Text S6: Proglacial river discharge data and processing
Hourly proglacial discharges for Qinnguata Kuussua/Watson River (van As et al., 2017; 2019 ) were downloaded fromhttps://doi.org/10.22008/promice/data/watson_river_discharge. Proglacial discharges have been recorded at this location since 2006, using in situ pressure transducer measurements of stage (water level) and an empirical stage-discharge rating curve calibrated with intermittent in situ discharge measurements acquired from different techniques including current meters, the float method, and Acoustic Doppler Current Profiler (ADCP) transects. The discharge estimates have an estimated 15% uncertainty due to rating curve fit and errors in cross-sectional area and velocity measurements (van As et al. 2017 ).
Hourly proglacial river discharges in Akuliarusiarsuup Kuua, a major headwater tributary of Qinnguata Kuussua ~33 km upstream of the Kangerlussuaq bridge and ~2 km downstream of the ice edge, were downloaded from https://doi.org/10.1594/PANGAEA.876357. Proglacial discharges at Akuliarusiarsuup Kuua have been recorded since 2008 at a road bridge crossing (AK4 station, Rennermalm et al., 2013b; 2017 ). Stage and water temperature data are collected sub-hourly using a Solinst® Levelogger pressure transducer and atmospheric barometric pressure logger (accuracies 0.003 m and 0.05°C for the Levelogger, and 0.001 m for the barologger, respectively). Discharges are estimated from the continuously recorded stage data using an empirical stage-discharge rating curve calibrated by periodic in-situ discharge measurements collected from the bridge, using either USGS-style Price AA current meters or a SonTek River Surveyor® ADCP.
The discharge monitoring station at Kangerlussuaq was chosen as the preferred proglacial discharge dataset due its capture of proglacial outflow from a much larger area of the ice sheet, thus maximizing the likelihood of subglacial linkage to Rio Behar moulin, despite uncertain basal routing in the region (e.g. Lindbäck et al ., 2015).
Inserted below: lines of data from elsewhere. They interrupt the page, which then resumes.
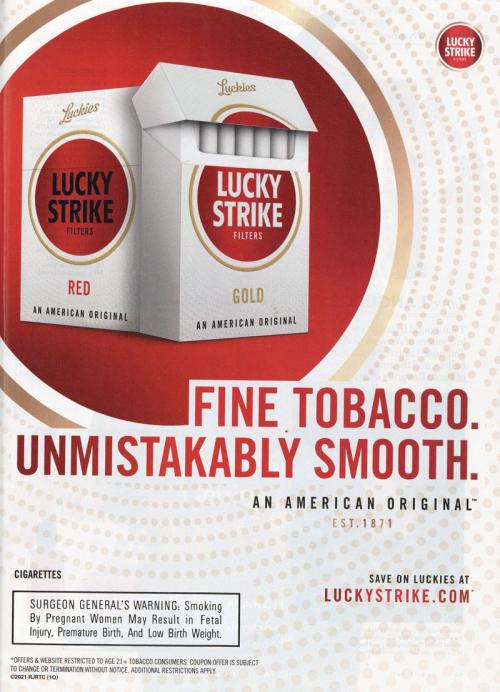 Lucky Strike cigarettes that invites the viewer to save on their product by visiting the brand website. Text: "Fine Tobacco. Unmistakably smooth."
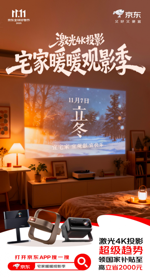 曾经,震撼的视听盛宴只属于电影院。如今,只需一台激光4K投影仪、一方幕布,就能把影院级体验轻松搬进客厅。京东11.11“宅家暖暖观影季”诚意登场,携手多款激光4K投影仪,用一方清晰明亮的巨幕,点亮你的宅家时光。即日起,打开京东APP搜索“宅家暖暖观影季”选购激光4K投影仪,领取国家补贴至高可省2000元,用更暖心的价格,开启更暖的陪伴。
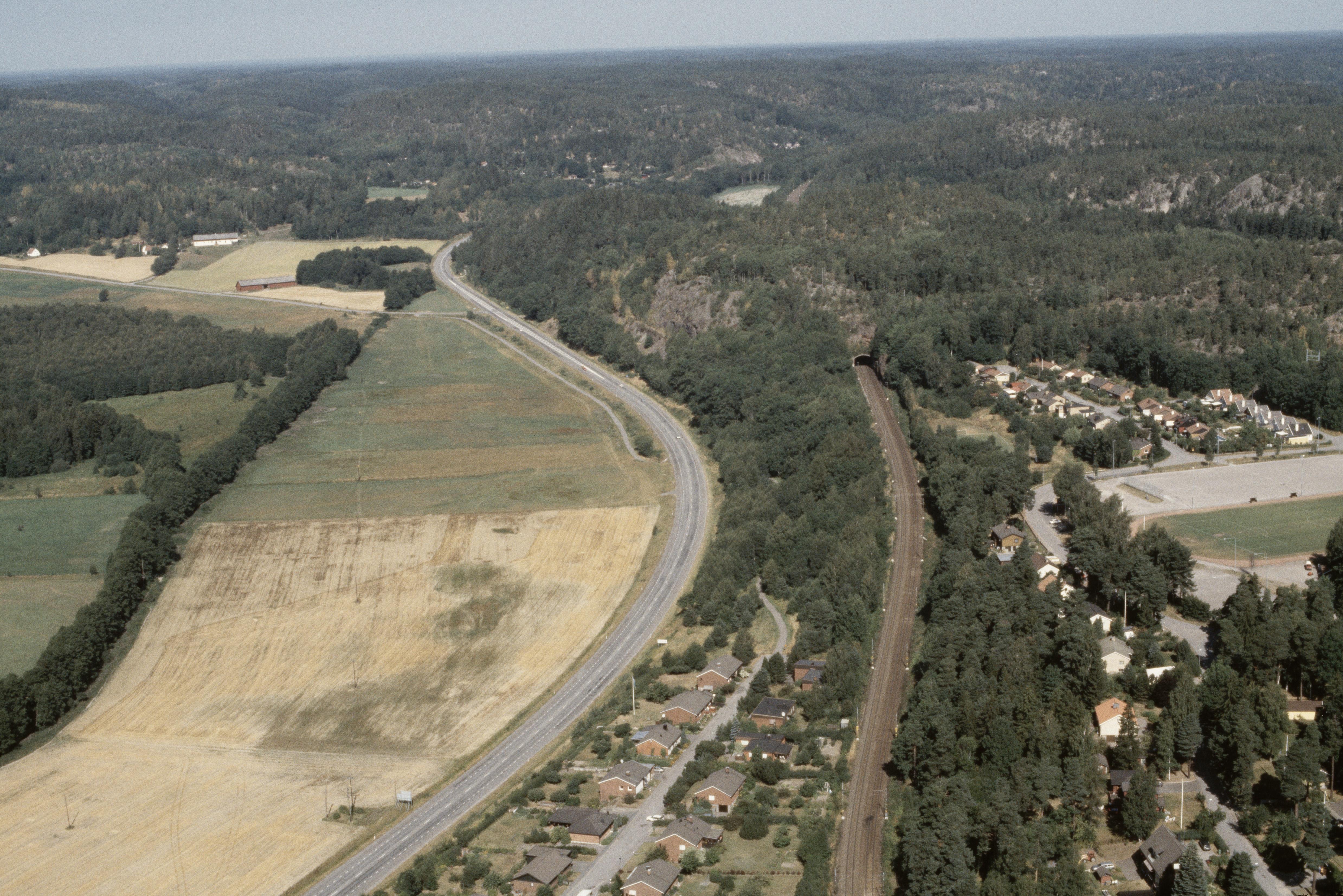 Beskrivning: Åby tätort. Fyndplats RAÄnr Kvillinge 100:1, 112:1 m.fl. vid bildens mitt. Bilden är tagen mot (väderstreck): N
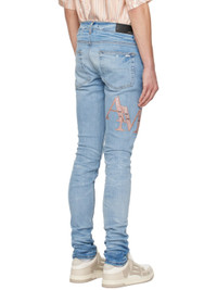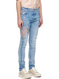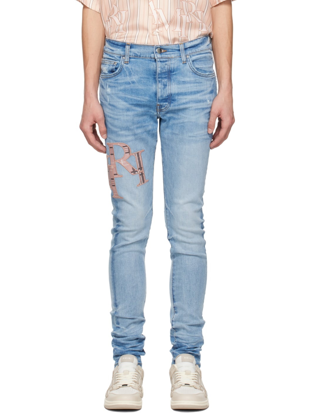 Skinny-fit stretch denim jeans. Fading, whiskering, and subtle distressing throughout. · Belt loops · Five-pocket styling · Button-fly · Flannel logo appliqués at leg · Logo patch at back waistband · Logo plaque at back pocket · Contrast stitching in tan Supplier color: Perfect indigo
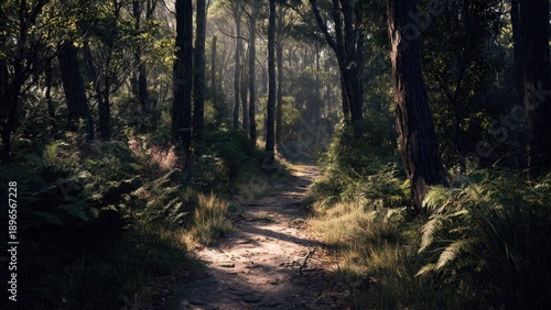 Obraz premium Sunlit Path Through a Lush Forest
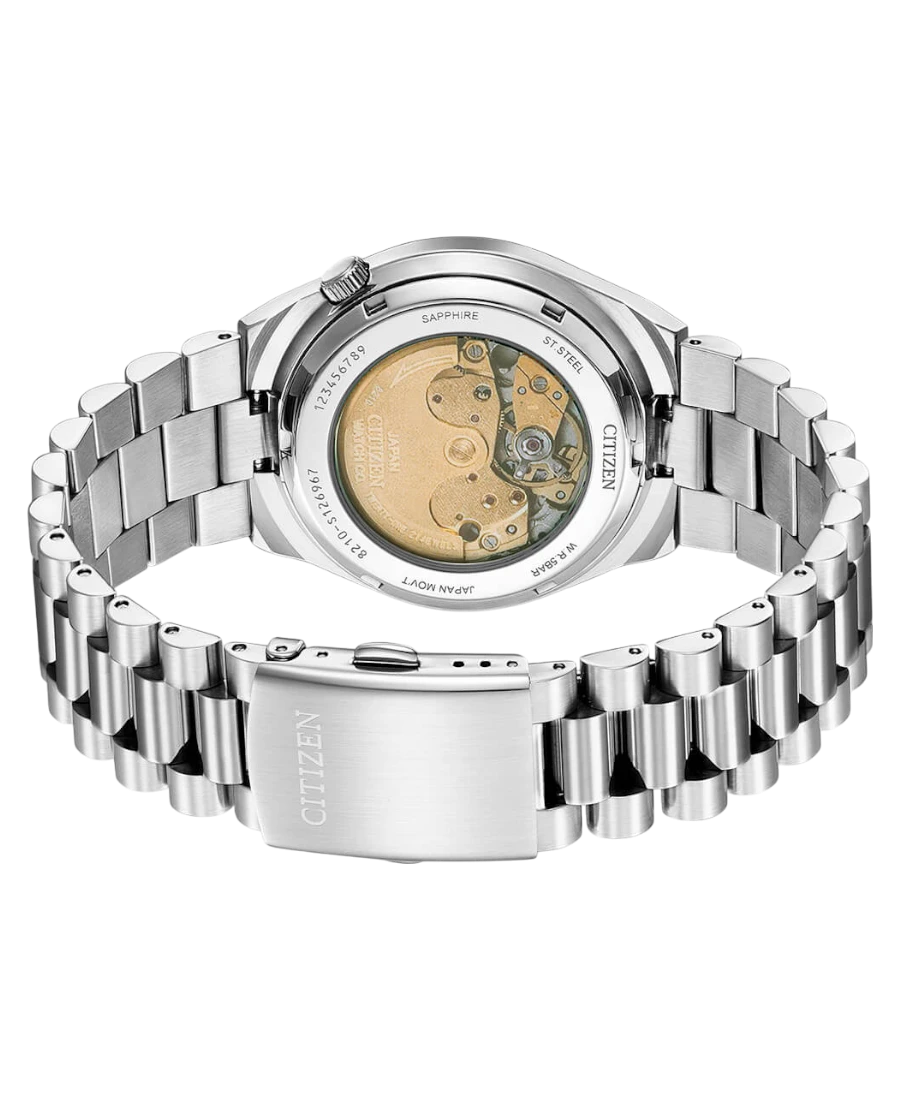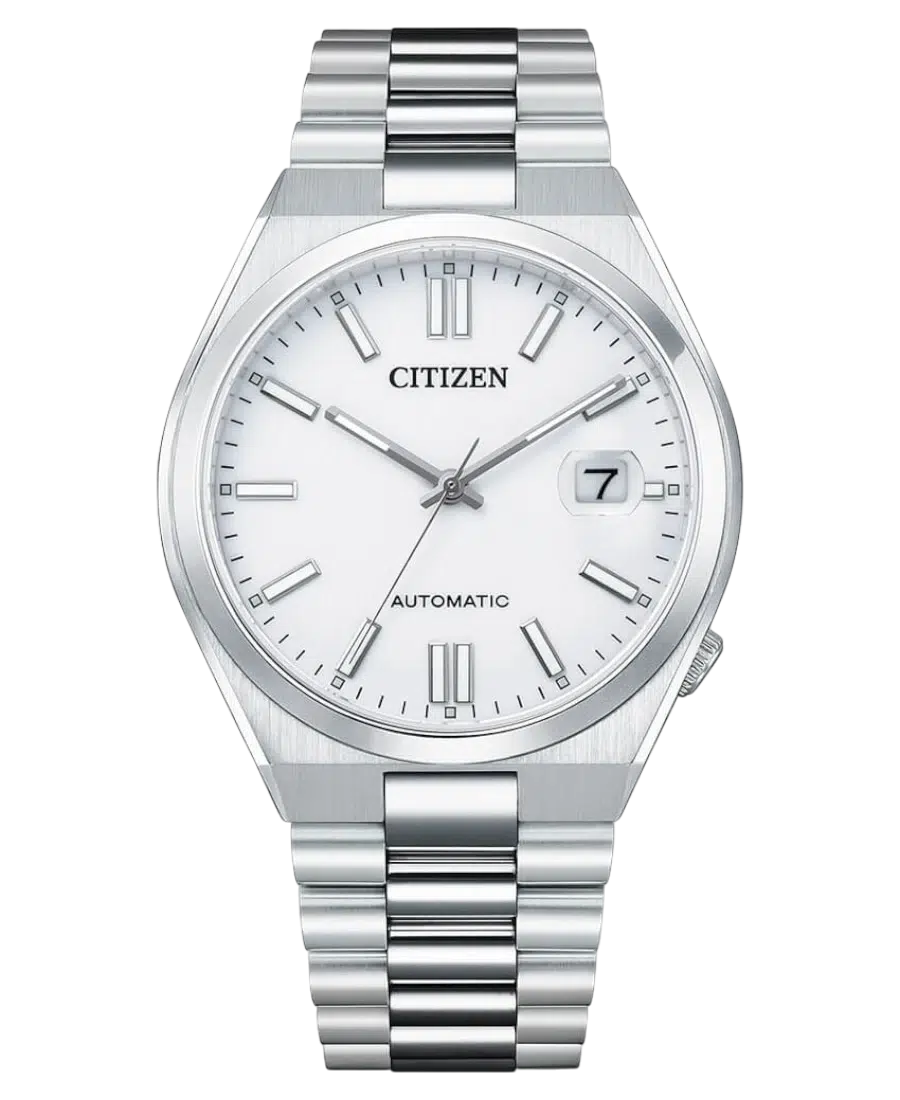 Citizen Tsuyosa Automatisk Vit/Stål 40 mm. Borstat/polerat stål, 40 mm diameter, 11.7 mm tjocklek, vit urtavla med självlysande markeringar, safirglas, 5 ATM vattenskydd och datumvisning.
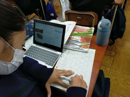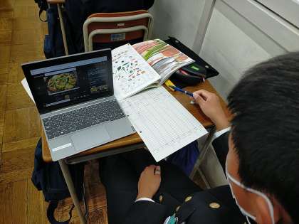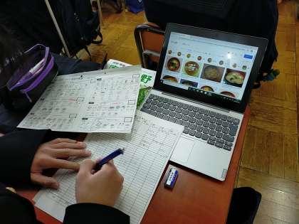 2年生の教室では一人一台のタブレットを使って、バランスのとれた1日分の献立を考えています。
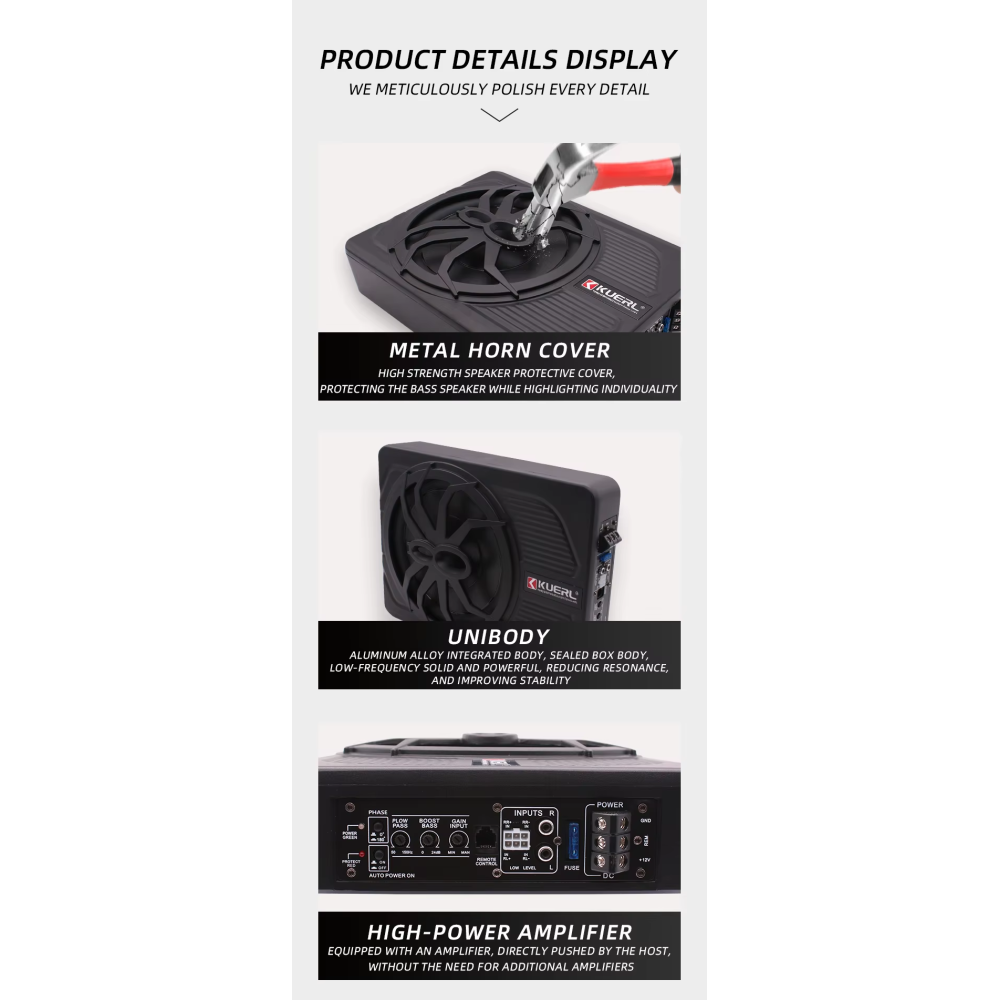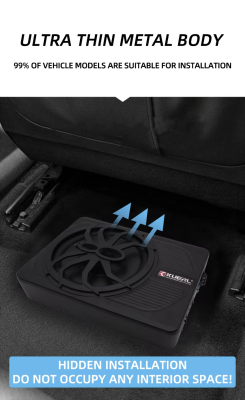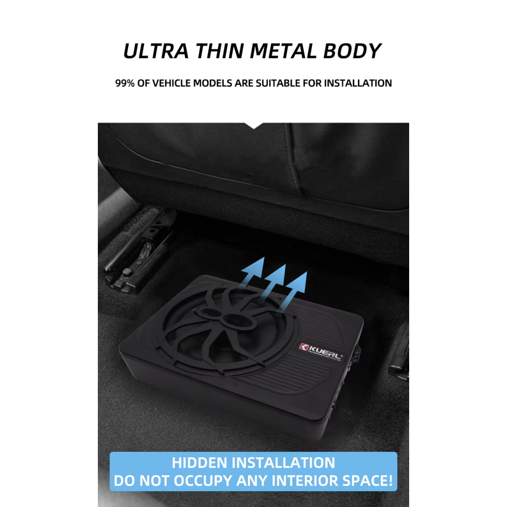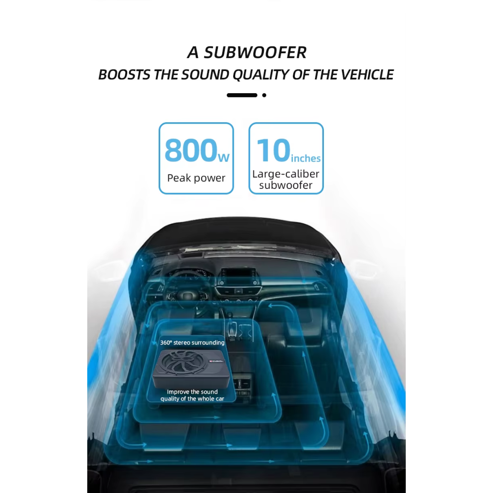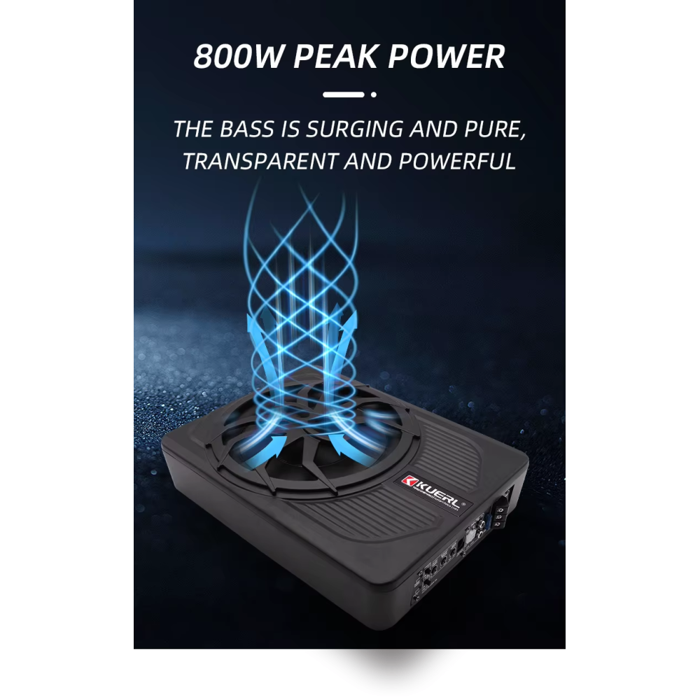Aktiv 10" subwoofer på hele 800W og med en højde på kun 7 cm. Subwooferen leverer dyb bas, mens den optager lidt plads på samme tid. Subwooferen kan let skjules og tilføjer enestående ydeevne til ethvert bilstereoanlæg. Det robuste aluminiumskabinet i sort, giver subwooferen et unik design. Peak på denne subwoofer er 800W (RMS 400W) og kræver en minimal mængde strøm fra din bil. Intelligent elektronisk design til pålidelig og exceptionel ydeevne. Passer til alle autoradioer både originale og eftermonterede. Kompakt design, ideel til montering under bilens sæde eller oppe under instrumentbordet. Den aktive subwoofer kan også monteres i båden, campingvognen eller autocamper. Leveres med div. kabler til montering.
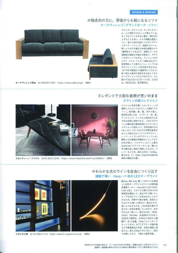 特集記事に「Swallowチェア」「グランドオーク・ソファ」が掲載されています。
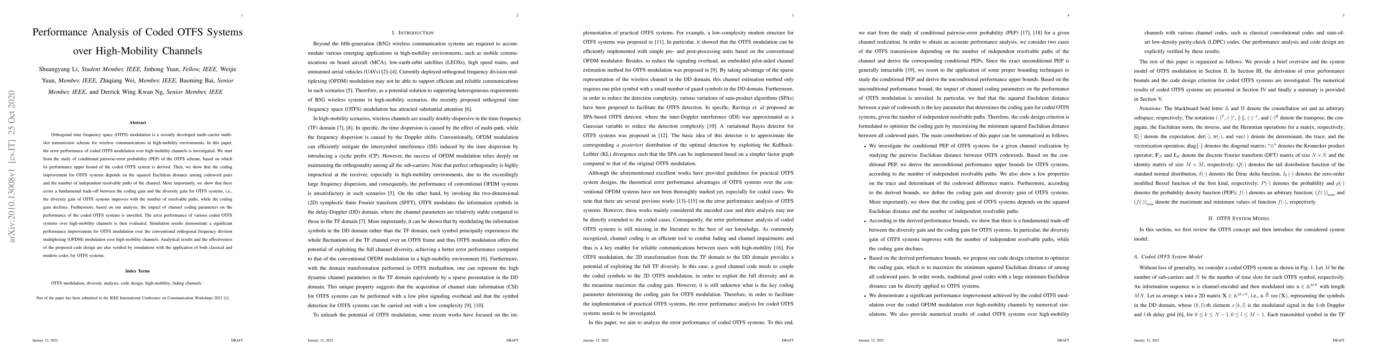 This paper investigates the error performance of coded orthogonal time frequency space (OTFS) modulation over high-mobility channels, revealing a trade-off between coding gain and diversity gain. Simulation results show significant performance improvements for OTFS over conventional OFDM in such environments.

To convert the Kangerlussuaq time series into a measure of estimated peak daily discharge at the ice edge, a cross correlation analysis between hourly AK4 and GEUS station measurements was used to determine to estimate the mean timing difference between peak daily flows observed at Kangerlussuaq and peak daily flows at the ice edge.
During the study period, the mean time difference between daily flow peaks at Kangerlussuaq and at AK4 station (33 km distance) averaged 7.6 hours (0.83 s/m). A small additional timing correction between AK4 and the ice edge (2 km distance) is estimated as 0.46 h, by multiplying the mean Kangerlussuaq-AK4 timing correction (0.83 s/m) by 2 km. The total timing correction of 8.1 + 0.9 h was rounded to 8-h and temporally subtracted from daily peak timings observed at Kangerlussuaq bridge. Note that this 8-h proglacial correction is not the same thing as a proglacial flow routing delay because it does not distinguish between wave celerity and Lagrangian flow, but is sufficient for our purpose here, which is simply to estimate the daily timing of peak proglacial outflow at the ice edge using measurements from Kangerlussuaq. Furthermore, note that this 8-h proglacial timing correction does not represent the time difference between peak daily discharge entering Rio Behar moulin and peak daily discharge at the ice edge. Cross-correlation analysis between daily peaks in supraglacial and estimated ice-edge proglacial indicate that the moulin-edge timing difference (again, timing difference only, not subglacial routing) is ~20-h (Figure 3).
Though we generally use this corrected proglacial discharge during analysis (e.g. Figures 2, 3 & 5), we do remove the immediate linear trend from proglacial discharge when examining the lagged correlation between proglacial discharge and ice speed in order to eliminate the potential for autocorrelation.